穆於扶了下鏡框:「只是碰巧而已,我兼職的地方就在這附近。大路朝天,你們能來,我自然也能來。」
韓衍第一次從穆於口中聽到這樣算得上「回擊」的話語,心裡有些不舒服,表面驚訝道:「這樣嗎,那可能只是單純的緣分吧。來都來了,一起吃啊?」
穆於沒立刻坐下,而是看向了周頌臣。
周頌臣側著臉,看都沒看他一眼。
穆於對他的冷淡有些不知所措,正遲疑著,卻聽到周頌臣說:「坐。」
韓衍看著穆於乖乖聽話,真拉著椅子坐下來,心裡有些看不上。
穆於就像周頌臣養的一條狗,只聽周頌臣一個人的話。
對其他人,他總是看到當沒看到,聽到當沒聽到,沒想跟他們深交,也沒把他們放在眼裡過。
真是社會性差得要死,還有點噁心。
韓衍看著穆於伸手將派切好,第一時間遞給周頌臣,心裡忍不住腹誹。
他在周頌臣身邊見過不少周頌臣的追求者,個個剛開始都很殷勤,但時間久了,就會因為周頌臣的性格而紛紛離去。
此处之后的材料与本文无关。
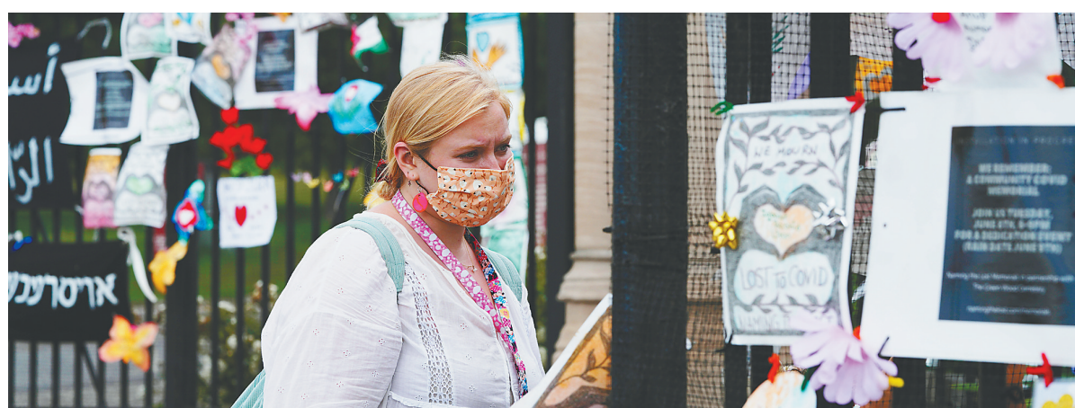
6月14日,一名女子在美国纽约一处墓地外为新冠死者设立的纪念装置旁驻足。

当地时间15日21时15分,纽约州包括曼哈顿、尼亚加拉大瀑布等10个地点同时燃放烟火,帝国大厦、世贸大厦等纽约州地标性建筑同时亮起蓝、金两色,庆祝纽约州防疫“里程碑”——70%的18岁以上人口已接种至少一剂新冠疫苗。纽约州长安德鲁·科莫同日宣布,全州提前达到联邦政府提出的到7月4日完成70%成年人接种疫苗的目标,全州大部分防疫措施即时解除。而这个时间点恰逢美国疫情中的另一个纪录——全美新冠死亡人数突破60万。在全球381万多新冠死亡总人数中,美国占了近16%。

周頌臣從來不挽留,也不會看那些人一眼,一副被寵壞的樣子。
對於他性格的形成,韓衍猜測過可能天生的多一些,但現在看來,或許後天的養成也功不可沒。
有這麼一條狗在,什麼都第一時間想著他,打不還手,罵不還口,能不寵壞嗎?
周頌臣看都不看穆於切好的核桃派,除了那聲吝嗇的「坐」後,他再也沒跟穆於說過一句話。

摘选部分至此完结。